The proposed transfer learning technique can also be combined with incremental learning algorithms [60,61]. Incremental learning extends the existing model’s knowledge without access to the original data, by continuously learning from new input data while preserving the previously acquired knowledge. Due to this, the network has the potential to enhance the robustness to rainfall intensity (e.g., light rainfall rates), background and other environmental effects, as well as accommodate different use case scenarios (e.g., setting site-specific rainfall thresholds, detecting snow precipitation).

5. Conclusions

In this study, a DL method for detecting rainfall from single photographs taken in very generalizable conditions with no need for parameter adjustment, photometric constraint or image pre-processing was proposed. It can be applied to any outdoor scene within the limits of the human visibility.
Taken together, the results suggest that using a DL method is an efficient strategy for the CV task of gathering rainfall information using generic cameras as low-cost sensors. This finding, while preliminary, can help define novel strategies for meteorological-hydrological studies on a local scale in urban areas. Despite its exploratory nature, the proposed approach offers a first near real-time tool based on artificial vision techniques which can contribute to creating a support sensors network for the characterization of rainfall by monitoring the onset and end of rain-related events, with a parsimonious approach in terms of economic and computational resources.
The limited operational requirements allowed the proposed model to be immediately applicable in experiments on real use cases. Our CNN can easily exploit pre-existing devices and is practical for systems that need to be implemented quickly. The experimentation raises the possibility that the use of real rain images captured by already installed surveillance cameras can help in setting up a monitoring and warning system of the pluviometric forcing triggering rain-related events.
This information can be used to develop targeted interventions aimed at building-up an information infrastructure integrating low-cost sensor and crowdsourced data that suits the future needs in terms of spatial and temporal resolution, scalability, heterogeneity, complexity and dynamicity.
Future work concerns the development and experimentation of another CNN network based on the proposed methodology to allow the quantitative characterization of the precipitation. The rainfall intensity will be classified into ranges; the dataset will be expanded by the number of instances and improved according to criteria of non-ambiguity and availability of known rainfall intensity values; and the model will be properly re-adapted, evaluated, calibrated and fine-tuned to meet the needs of hydro-meteorological monitoring.
[UML] MLMachine Learning CVComputer Vision DLDeep Learning CNNConvolutional Neural Network ROCReceiver Operating Characteristic

Author Contributions

Conceptualization, R.A. and A.S.; methodology, N.M.N.; software, N.M.N.; validation, N.M.N. and R.A.; formal analysis, N.M.N.; investigation, N.M.N. and K.H.; resources, K.H.; data curation, N.M.N. and K.H.; writing—original draft preparation, N.M.N.; writing—review and editing, N.M.N., R.A., K.H. and A.S.; visualization, N.M.N.; supervision, A.S.; project administration, A.S.; and funding acquisition, A.S. and R.A. All authors have read and agreed to the published version of the manuscript.

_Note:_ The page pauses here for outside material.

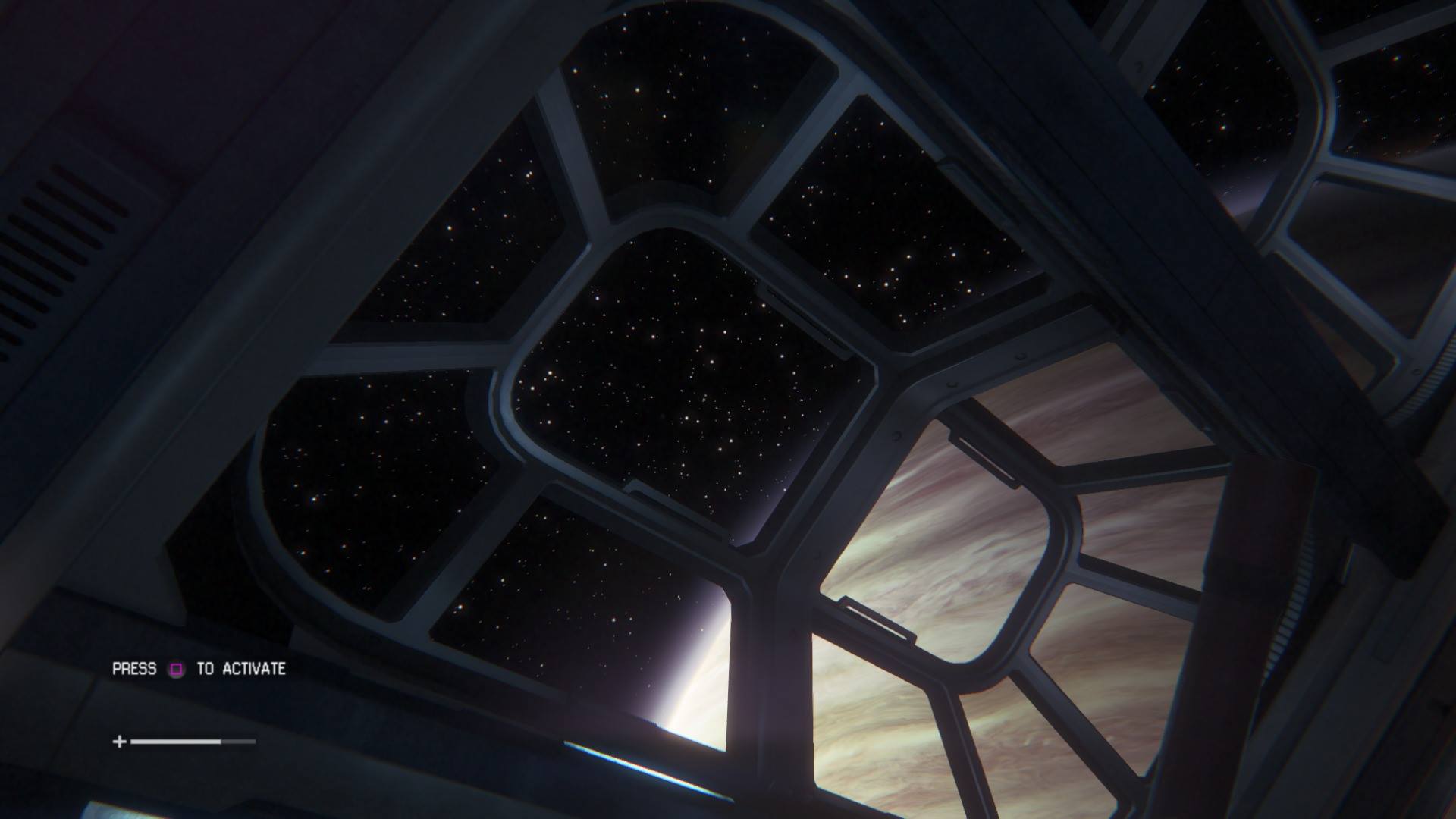 Do not play this game if you don’t like punishment. You can pick the “Easy” mode of the game, but don’t expect it to help a whole lot. Between constantly monitoring your motion tracker, waiting for what feels like ages to figure out the Xenomorph’s path, and even having to hold your breath, if you forget to do any of these things you shouldn’t expect to live very long. In fact, if you have the PlayStation Camera hooked up to your PS4, any loud noise uttered by you or someone else watching you play can alert an enemy to your location. This is a pretty cool feature that adds to the immersion of Isolation. Head-tracking is also an option with the camera connected by holding L1, and is fairly accurate (though offers no enhancement compared to just using the left analog stick).

This research was supported by Regione Basilicata, within the Engineering School of University of Basilicata PhD Program “Engineering for Innovation and Sustainable Development”-Industry 4.0, topic: Enhancing flood risk management, through near real-time methods and technologies, for risk communication at local scale.

Institutional Review Board Statement

Not applicable.

Informed Consent Statement

Not applicable.

Data Availability Statement

The data that support the findings of this study are available from National Research Institute for Earth Science and Disaster Resilience (NIED). Restrictions apply to the availability of these data, which were used under license for this study.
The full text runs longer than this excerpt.